At present, there is not enough evidence to recommend the use of carvedilol for treating portal hypertension in cirrhosis outside of clinical trials. Having said that, there are two situations where carvedilol may be the right beta-blocker for a patient with cirrhosis and portal hypertension. The first is the patient that requires treatment for portal hypertension and has arterial hypertension as a comorbidity. In this setting, carvedilol is probably the ideal beta-blocker and could be regarded as a first choice. The second situation is the patient who fails to exhibit an adequate decrease of HVPG during treatment with propranolol or nadolol. Available pharmacological options in this setting are the association of a second drug (isosorbide mononitrate,1, 30 prazosin,31 or simvastatin32) or to shift to carvedilol (if there are no contraindications and the patient is not hypotensive).21 All the mentioned alternatives, except the association of simvastatin, carry the risk of causing hypotension, and the only one with which there is a large experience is with isosorbide mononitrate that can “rescue” about one-third of propranolol nonresponders.1, 30 In propranolol nonresponders, the target dose of carvedilol should probably be 12.5 mg twice a day if the patient is in Child-Pugh class A, and 6.25 mg twice a day (or 12.5 mg in a single dose) if he or she is in Child-Pugh class B or C.

The patient described at the beginning of this article is a decompensated individual with cirrhosis with a MELD (Model for End-Stage Liver Disease) score of 13 points and a Child-Pugh score of 7 points (class B), with high-risk varices that have never bled, but which require effective prophylactic treatment. He is diabetic under stable doses of insulin, which is not a contraindication for beta-blockers.33 There are no other associated conditions that preclude the use of nonselective beta-blockers. Although he has mild ascites, creatinine is 1.2 mg/dL and therefore the patient has impending renal failure. In this situation, I would not recommend carvedilol, but to start therapy with nadolol at an initial dose of 20 mg per day, that will be increased by 20-mg steps every 3 days if tolerated and if the heart rate is >50 bpm and systolic blood pressure is >90 mm Hg. In case the patient develops severe side effects or intolerance to nadolol, I would recommend shifting treatment to EVL. If such a patient were treated at my hospital, I would certainly test the HVPG response to beta-blocker therapy. If the fall in HVPG was shown to be insufficient (it happens in 50% of patients), I would consider entering the patient in a trial of therapies aimed at maximizing the HVPG response. We do have ongoing cooperative studies on the use of carvedilol in propranolol or nadolol nonresponders (although as mentioned this would not be a choice in this particular patient), as well as on adding simvastatin to nadolol (which could be an option). We hope these studies will provide evidence to take adequate clinical decisions in patients facing these unanswered questions.
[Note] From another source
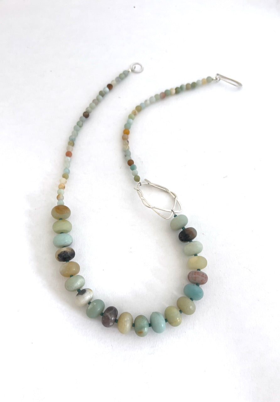A fantastic statement necklace, featuring amazonite beads and rondells, with a freeform wire shape. A beautiful necklace in the colours of the seaside, perfect for those beachy vibes.

A 30-day supply in the United States for carvedilol 6.25 mg twice daily is approximately $15; the price for a 30-day supply of generic carvedilol 12.5 mg once daily is $7.80. The tablets are not scored and splitting is not possible. The sustained release preparation Coreg CR (GlaxoSmithKline) is available as 10 mg, 20 mg, 40 mg, and 80 mg capsules. Regardless of strength, the price for a 30-day supply of Coreg CR is $150. The price for a 30-day supply of Inderal LA 60 mg is $64; for propranolol 40 mg twice daily is $12; and for nadolol 80 mg is $52.